Work order: Write out nothing but the lines from the first line of the entries below through the line with "Kun organisaatiossa tehdään"; no pictures go in.

......

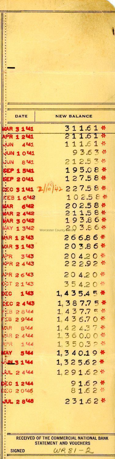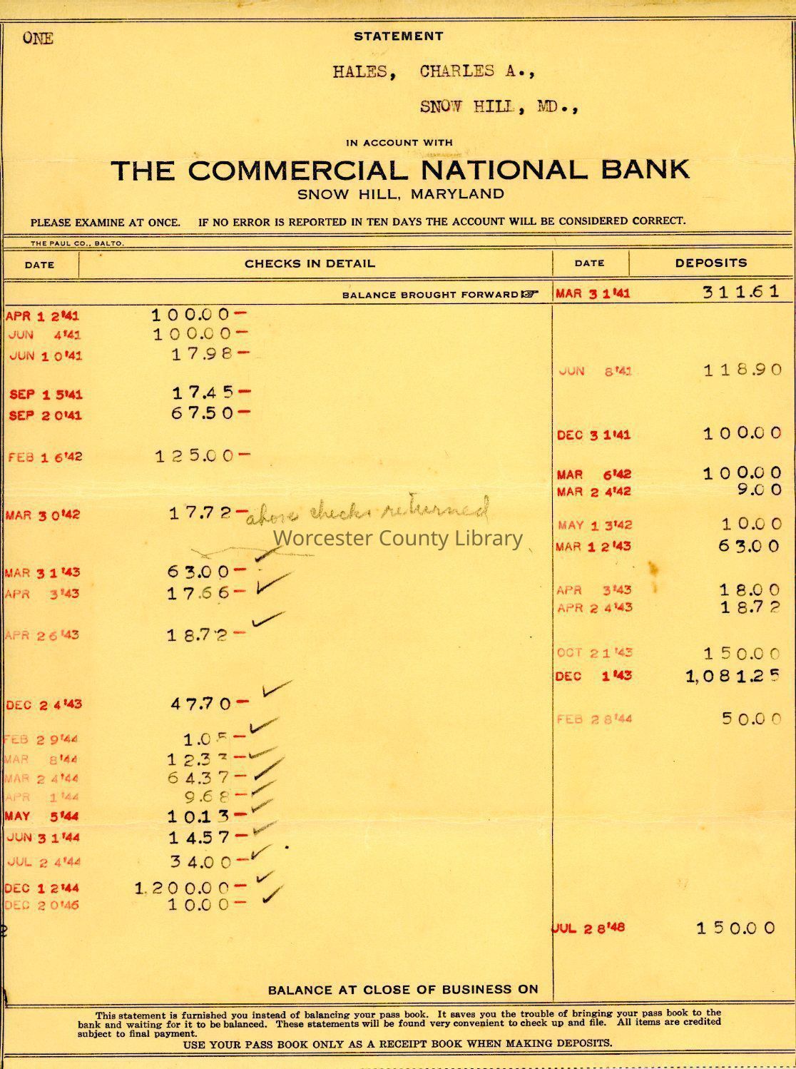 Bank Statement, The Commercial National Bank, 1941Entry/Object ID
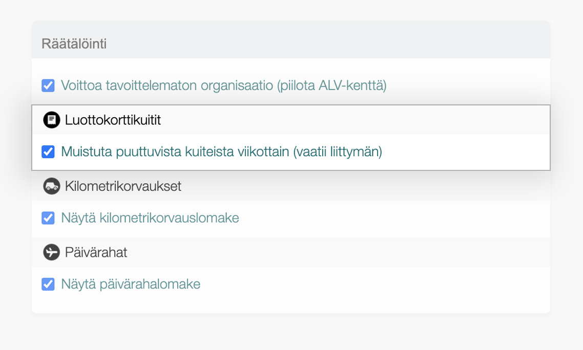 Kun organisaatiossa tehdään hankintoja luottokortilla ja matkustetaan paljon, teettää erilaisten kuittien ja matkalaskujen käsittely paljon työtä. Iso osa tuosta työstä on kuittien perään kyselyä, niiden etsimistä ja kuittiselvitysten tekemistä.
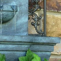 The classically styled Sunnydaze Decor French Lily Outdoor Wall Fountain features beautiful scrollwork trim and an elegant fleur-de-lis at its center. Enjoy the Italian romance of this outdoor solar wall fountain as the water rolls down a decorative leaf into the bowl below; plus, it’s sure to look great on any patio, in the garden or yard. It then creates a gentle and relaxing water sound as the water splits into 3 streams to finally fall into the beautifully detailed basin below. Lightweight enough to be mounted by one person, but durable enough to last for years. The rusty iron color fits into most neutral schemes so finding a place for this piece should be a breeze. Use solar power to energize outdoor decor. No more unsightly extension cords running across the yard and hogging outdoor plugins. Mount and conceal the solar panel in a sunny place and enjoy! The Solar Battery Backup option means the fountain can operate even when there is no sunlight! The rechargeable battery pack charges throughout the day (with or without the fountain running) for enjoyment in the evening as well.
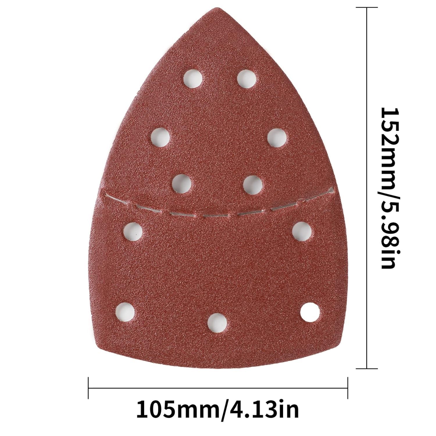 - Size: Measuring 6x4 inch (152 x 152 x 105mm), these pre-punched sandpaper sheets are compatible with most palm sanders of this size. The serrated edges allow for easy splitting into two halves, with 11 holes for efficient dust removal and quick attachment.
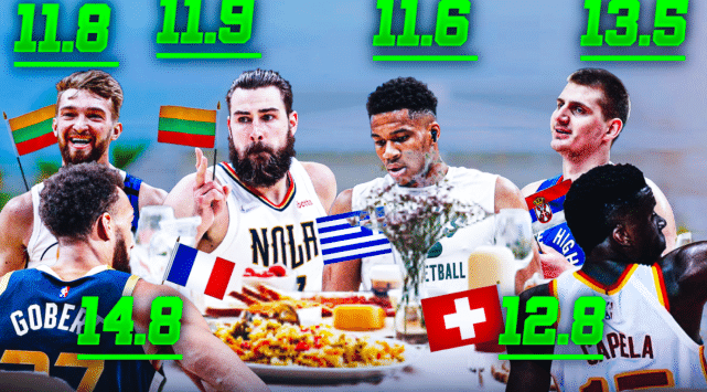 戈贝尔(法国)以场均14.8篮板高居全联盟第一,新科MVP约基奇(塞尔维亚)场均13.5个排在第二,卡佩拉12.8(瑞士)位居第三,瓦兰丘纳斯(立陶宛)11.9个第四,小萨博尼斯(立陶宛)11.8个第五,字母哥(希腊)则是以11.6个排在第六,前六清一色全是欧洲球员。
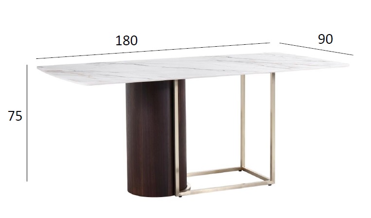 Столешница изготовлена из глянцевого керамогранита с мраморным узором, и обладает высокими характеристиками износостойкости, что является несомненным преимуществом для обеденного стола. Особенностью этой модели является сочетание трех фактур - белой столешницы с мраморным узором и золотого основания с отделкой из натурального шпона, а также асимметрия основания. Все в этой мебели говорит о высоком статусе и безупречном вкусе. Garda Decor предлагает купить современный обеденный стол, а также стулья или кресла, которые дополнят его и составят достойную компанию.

......

Response to the exercise:
 Bank Statement, The Commercial National Bank, 1941Entry/Object ID
 Kun organisaatiossa tehdään hankintoja luottokortilla ja matkustetaan paljon, teettää erilaisten kuittien ja matkalaskujen käsittely paljon työtä. Iso osa tuosta työstä on kuittien perään kyselyä, niiden etsimistä ja kuittiselvitysten tekemistä.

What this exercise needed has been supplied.